Today we’re announcing a major update that makes Agent Bricks Knowledge Assistant both faster and higher quality. Answer generation time has dropped by 2x, and search time has dropped by more than 3x, bringing Time To First Token (TTFT) to around two seconds.¹ Thus, Knowledge Assistant users will get noticeably faster answers across their use cases, with no reconfiguration required and no tradeoff in quality.
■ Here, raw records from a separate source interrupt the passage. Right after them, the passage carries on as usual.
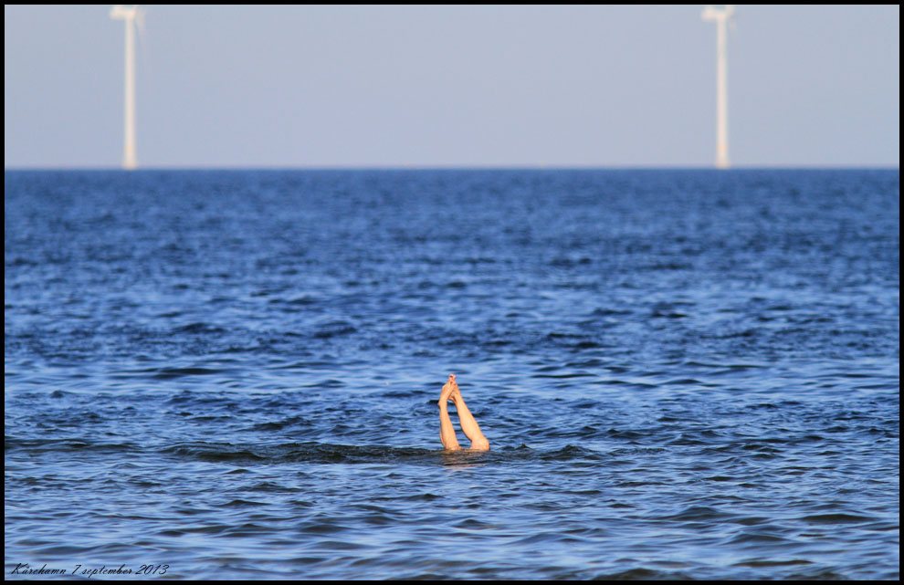 Lena tar sig ett dopp vid badet i Kåre hamn. |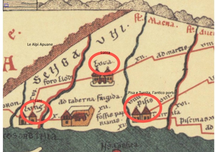La presenza di vie d’acqua, il lago e il mare, la posizione tra Pisa e Lucca e l’antico porto di Luni, ne fecero un punto di snodo che alcuni studiosi del passato hanno ritenuto di identificare con la stazione di posta indicata sula Tavola Peutingeriana con il nome di Fossae Papirianae, oggi non ritenuta altrettanto attendibile. I resti romani rinvenuti sono comunque una presenza tangibile di un sito dal passato storicamente significativo.
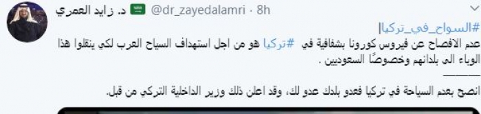 وقال في تغريدة عبر "تويتر" رصدها "المشهد العربي": "السواح في تركيا| عدم الإفصاح عن فيروس كورونا بشفافية في تركيا هو من أجل استهداف السياح العرب لكي ينقلوا هذا الوباء إلى بلدانهم وخصوصًا السعوديين. أنصح بعدم السياحة في تركيا فعدو بلدك عدو لك، وقد أعلن ذلك وزير الداخلية التركي من قبل".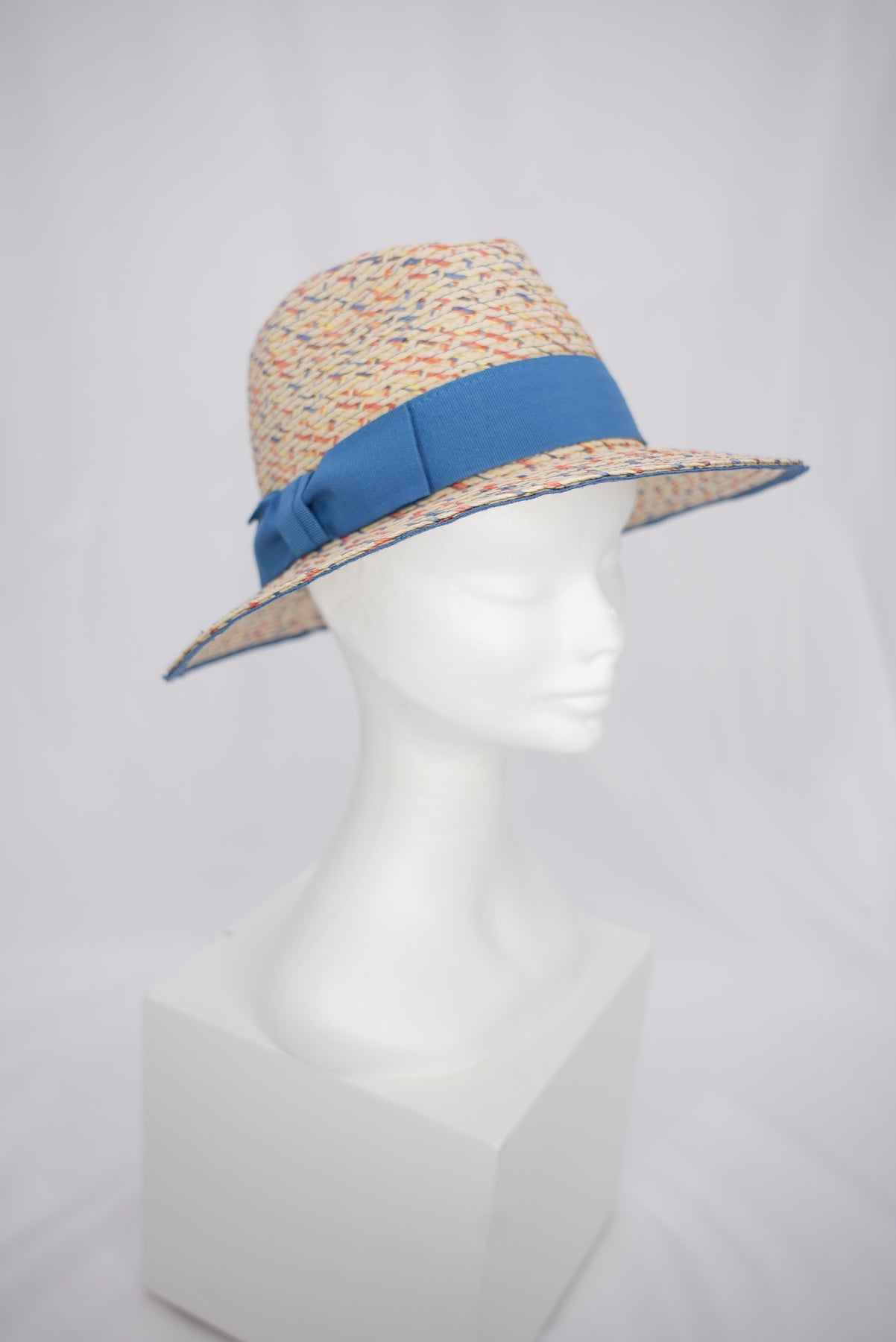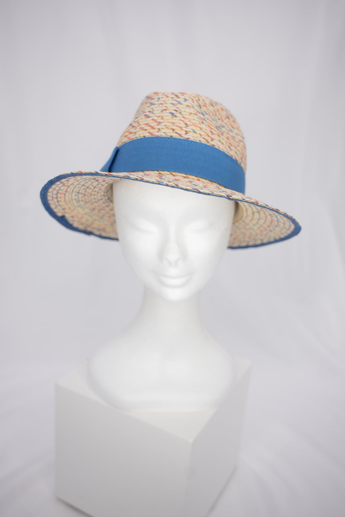 Ein leichter, farbenfroher Hut, der jedem Outfit einen lebendigen Akzent verleiht und perfekt für sonnige Tage geeignet ist.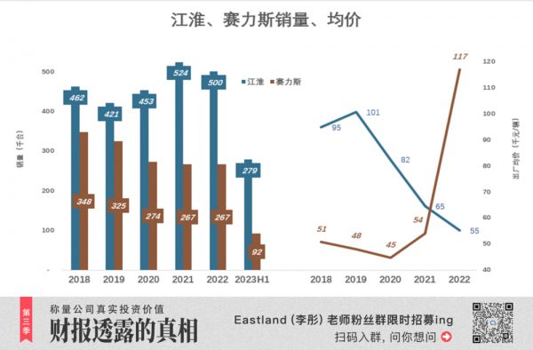值得注意的是,赛力斯销售均价的大幅反超。2020年,江淮均价超过10万元、赛力均价不到5万元;2022年,随着问界占比的提高,赛力斯出厂均价达11.7万/辆,相当于江淮的213%!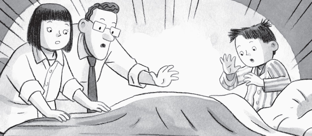 Mr and Mrs Lambchop looked about the room. A shape was visible beneath the covers of Stanley’s bed, and the pillow was squashed down, as if a head rested upon it. But there was no head.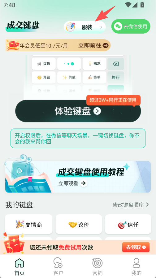 《成交输入法》可选择行业,适配房地产、服务业、教培等多个领域,推荐符合行业的话术。能自定义客户沟通场景,生成签单、产品介绍、售后维护等精准话术,还可修改键盘排序或添加键盘。开启权限后,在微信等聊天场景能一键切换键盘,搭配高情商、议价等键盘,辅助高效沟通,提升成交效率。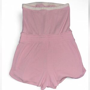 Pink and white waffle knit romper with drawstring waist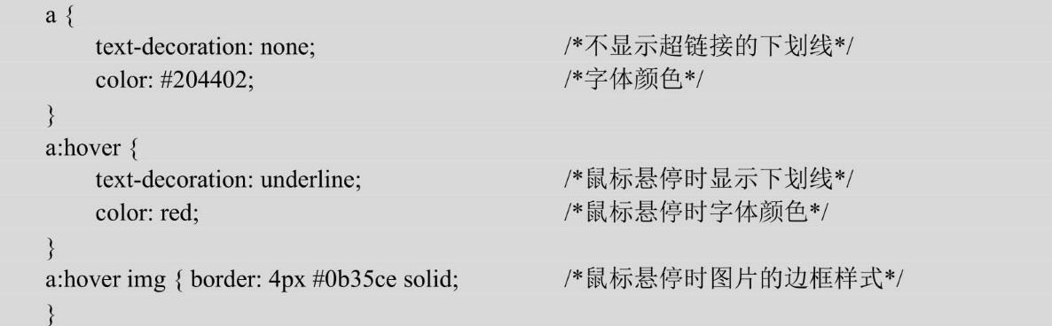 <a>標(biāo)簽的樣式設(shè)置了下劃線, a:hover定義了當(dāng)鼠標(biāo)懸停時(shí)鏈接的樣式。a:hover img定義了圖片在鼠標(biāo)懸停時(shí)的樣式。關(guān)于<a>標(biāo)簽的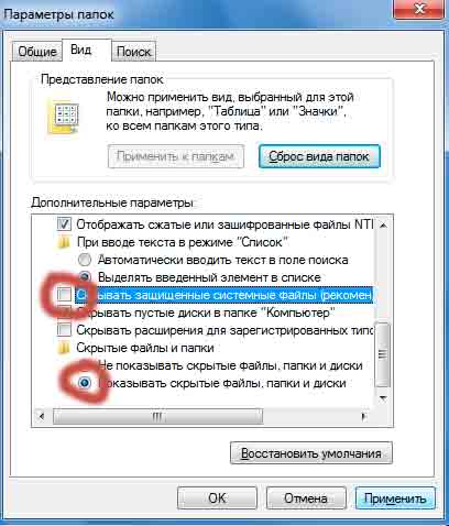 Снимаем флажок с поля «Скрывать защищенные системные файлы» и установите переключатель в скрытых файлах и папках на «Показывать скрытые файлы и папки»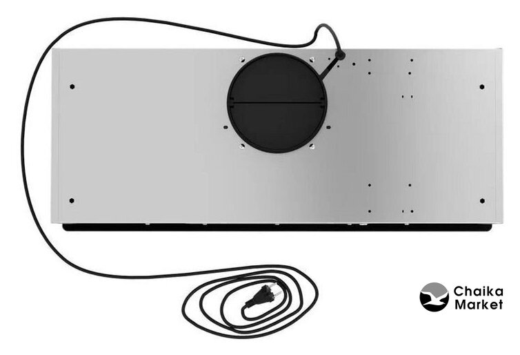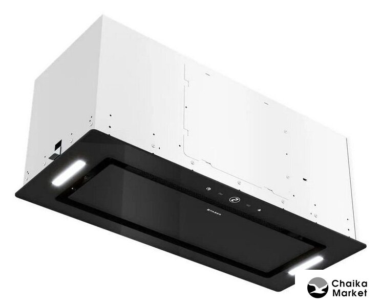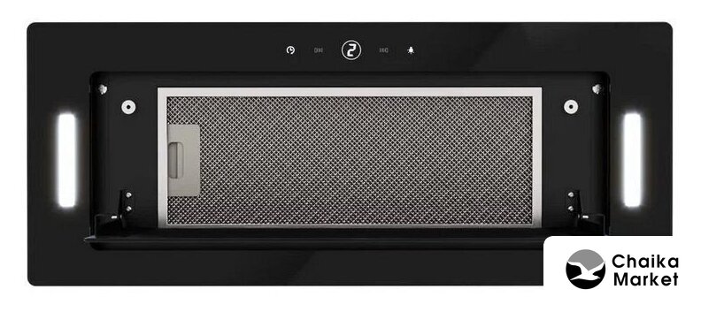 конструкция скрытая, монтаж для встраивания, ширина 59.8 см, управление механическое/поворотный переключатель, производительность мотора 850 м³/ч, цвет черный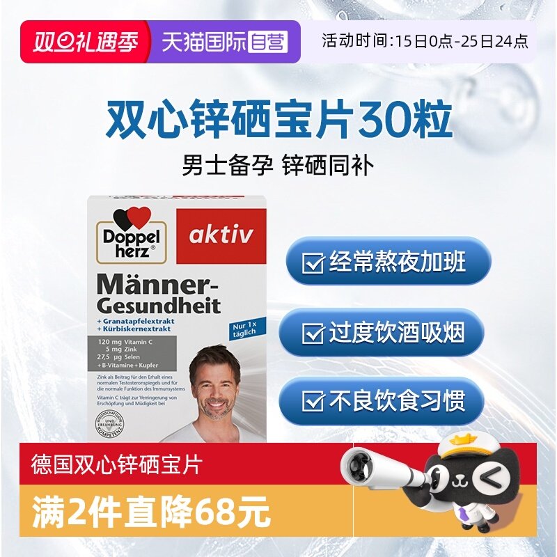 【自营】德国双心锌硒宝片30粒复合维生素南瓜籽男性补充锌硒胶囊
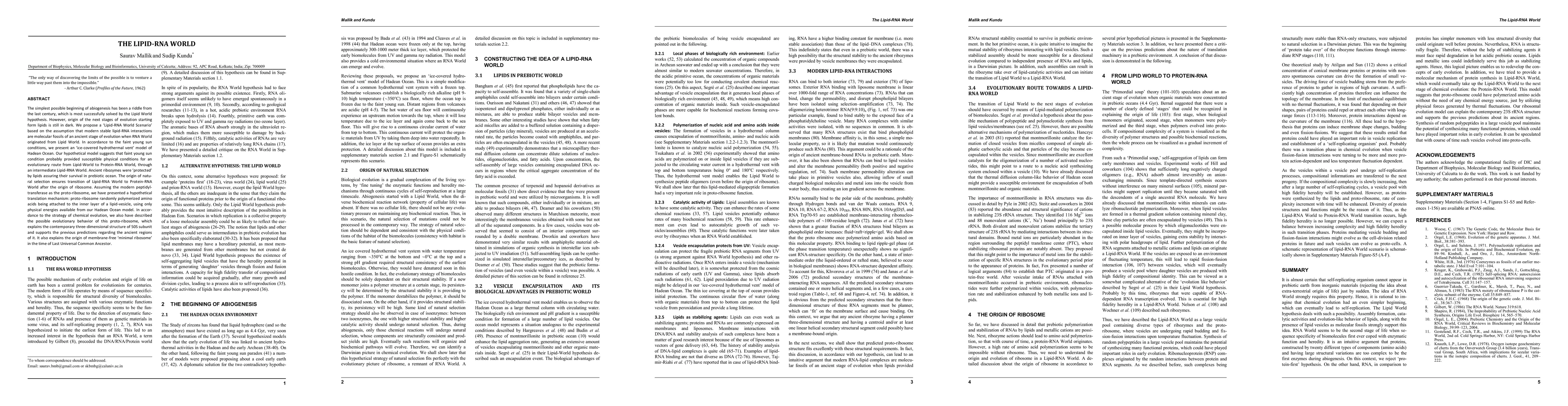 The Lipid-RNA World hypothesis proposes an evolutionary pathway from a Lipid World to a Protein-RNA World via stable lipid-RNA interactions, suggesting that ancient ribozymes were protected by lipids in an ice-covered hydrothermal vent under faint young sun conditions, leading to the origin of natural selection and the transition to the Protein-RNA World.

These gains are powered by Instructed-Retriever-1, a retrieval-specialized model built for parallel test-time scaling. Unlike standard agentic retrieval, where an agent works sequentially and reasons over each result before deciding its next step, our approach fans this work out in parallel. Instructed-Retriever-1 is a single model trained for both retrieval stages: query generation to increase recall and reranking to increase precision, run in parallel to keep latency low. In this post, we describe how this approach results in a Pareto-optimal performance, how we train one model to support the full retrieval pipeline, and how we validate performance on realistic enterprise workloads.

image5.png

Figure: On KARLBench, Knowledge Assistant with Instructed-Retriever-1 improves both search latency and retrieval quality.

1. Parallel Test-Time Scaling for Search

Our previous research demonstrated that quality can improve with additional test-time compute. However, most agentic search systems today spend that compute on sequential operations, like tool calls, reason-act loops, and chain-of-thought reasoning. These methods do improve search quality, but they come at the expense of substantially higher latency and cost. For training Instructed-Retriever-1, we take a different route: rather than scaling compute sequentially, we parallelize it during the initial search phase. By broadening the range of retrieved evidence and selecting the most relevant context up front, we achieve highly effective search with significantly lower latency.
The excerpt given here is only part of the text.